**Information supplied**

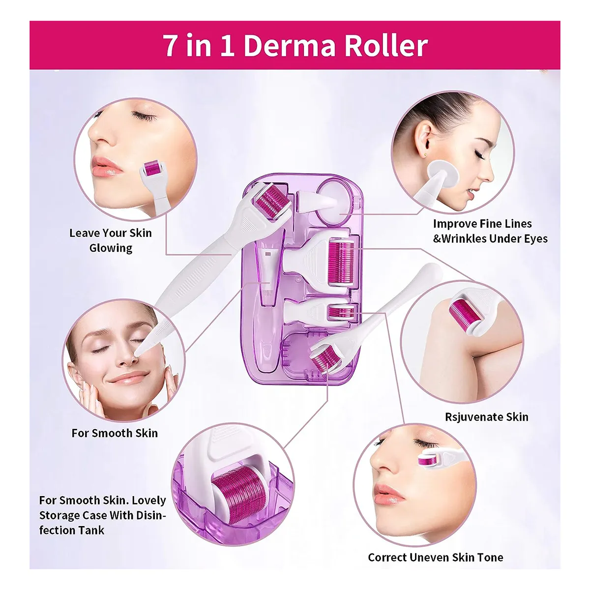 درمارولر 6 در 1 دی آر اس مخصوص جوانسازی پوست و دارای طیف وسیعی از سوزن ها در سایز های مختلف هستند و برای انواع پوست و در تمام نقاط بدن قابل استفاده می باشند. این پک درمارولر دارای 4 سری رولر 1200 ، 720 ، 300 و 12 سوزنه است. در بین انواع سری
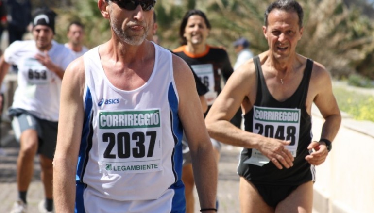 È stata proprio Nunzia Coppedè a dare lo start e a mettere in movimento i tremila di partecipanti alla gara, quelli in assetto da corsa con scarpette e maglietta d’ordinanza (la t-shirt di quest’anno ha riproposto il primo logo della CORRIREGGIO, quello del 1983), e quelli che hanno corso perché partecipare è più importante che competere. Donne e bambini, anziani e curiosi, corridori affezionati e nuove leve. C’è chi ha corso con passeggino e figlio al seguito. E chi come Carmelo Mercurio ha voluto onorare il trentennale sfilando con un bandierone. Un simpatico giovanotto ha addirittura scelto di correre con due mini-trampoli che ricordano le gambe artificiali di Pistorius. Gli attivisti del Coordinamento Associazioni Area Grecanica No al carbone hanno deciso di “semi-correre” schierandosi con le magliette e lo striscione del movimento.
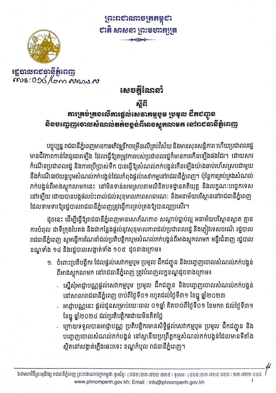 ខាងក្រោមនេះជាសេចក្ដីណែនាំរបស់រដ្ឋបាលរាជធានីភ្នំពេញ៖
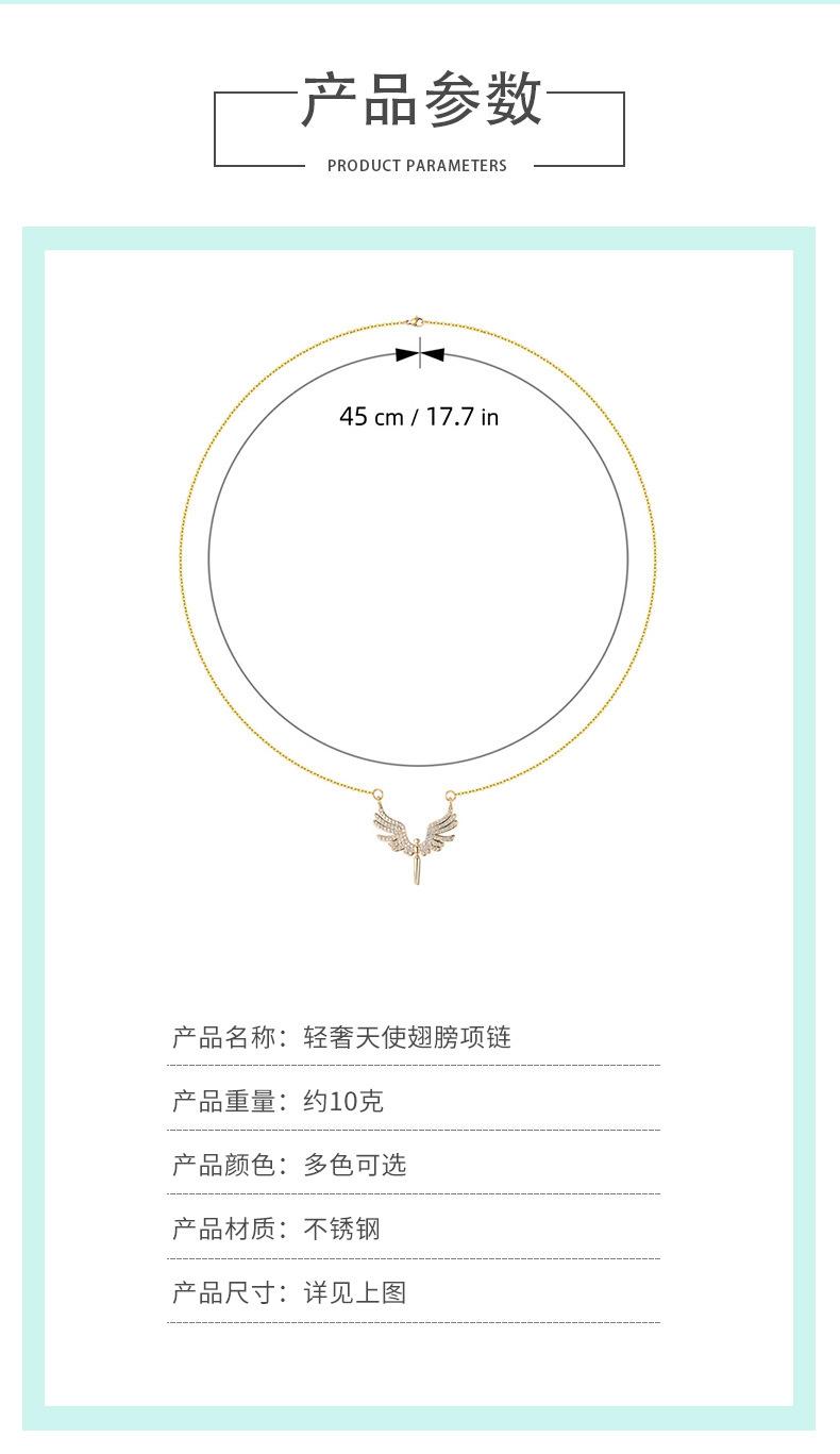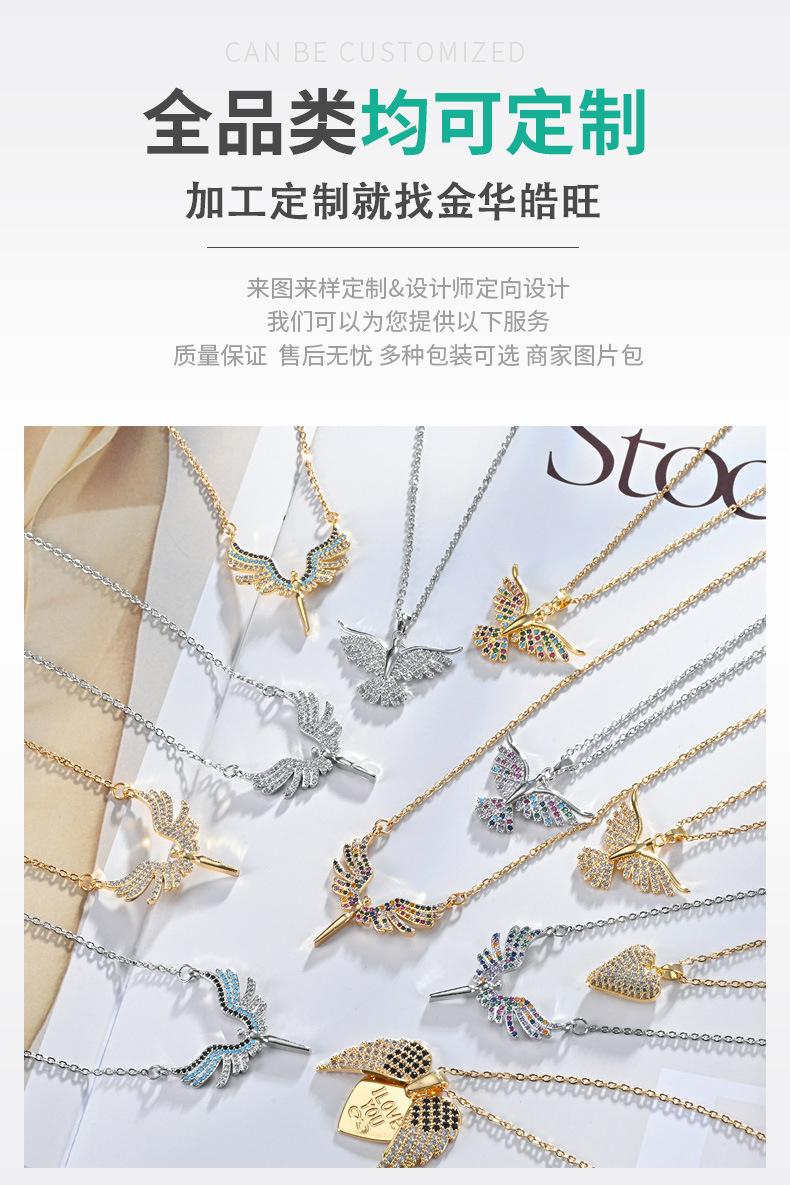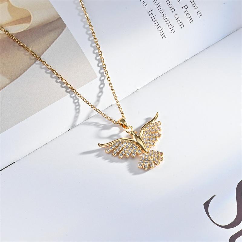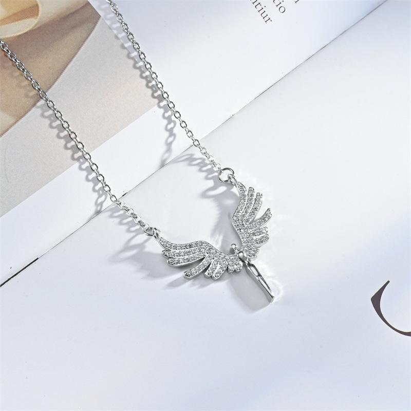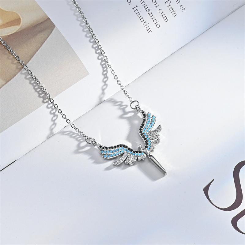 Moda Transfronteriza Nuevo Collar Alas de Ángel Corazón de Ángel Colgante de Cobre Chapado Micro Incrustado Luz Lujo Nicho Collar

**Work instruction**
An exact reproduction of the material above is needed, without its pictures.

**Written solution**
 درمارولر 6 در 1 دی آر اس مخصوص جوانسازی پوست و دارای طیف وسیعی از سوزن ها در سایز های مختلف هستند و برای انواع پوست و در تمام نقاط بدن قابل استفاده می باشند. این پک درمارولر دارای 4 سری رولر 1200 ، 720 ، 300 و 12 سوزنه است. در بین انواع سری
 È stata proprio Nunzia Coppedè a dare lo start e a mettere in movimento i tremila di partecipanti alla gara, quelli in assetto da corsa con scarpette e maglietta d’ordinanza (la t-shirt di quest’anno ha riproposto il primo logo della CORRIREGGIO, quello del 1983), e quelli che hanno corso perché partecipare è più importante che competere. Donne e bambini, anziani e curiosi, corridori affezionati e nuove leve. C’è chi ha corso con passeggino e figlio al seguito. E chi come Carmelo Mercurio ha voluto onorare il trentennale sfilando con un bandierone. Un simpatico giovanotto ha addirittura scelto di correre con due mini-trampoli che ricordano le gambe artificiali di Pistorius. Gli attivisti del Coordinamento Associazioni Area Grecanica No al carbone hanno deciso di “semi-correre” schierandosi con le magliette e lo striscione del movimento.
 ខាងក្រោមនេះជាសេចក្ដីណែនាំរបស់រដ្ឋបាលរាជធានីភ្នំពេញ៖
 Moda Transfronteriza Nuevo Collar Alas de Ángel Corazón de Ángel Colgante de Cobre Chapado Micro Incrustado Luz Lujo Nicho Collar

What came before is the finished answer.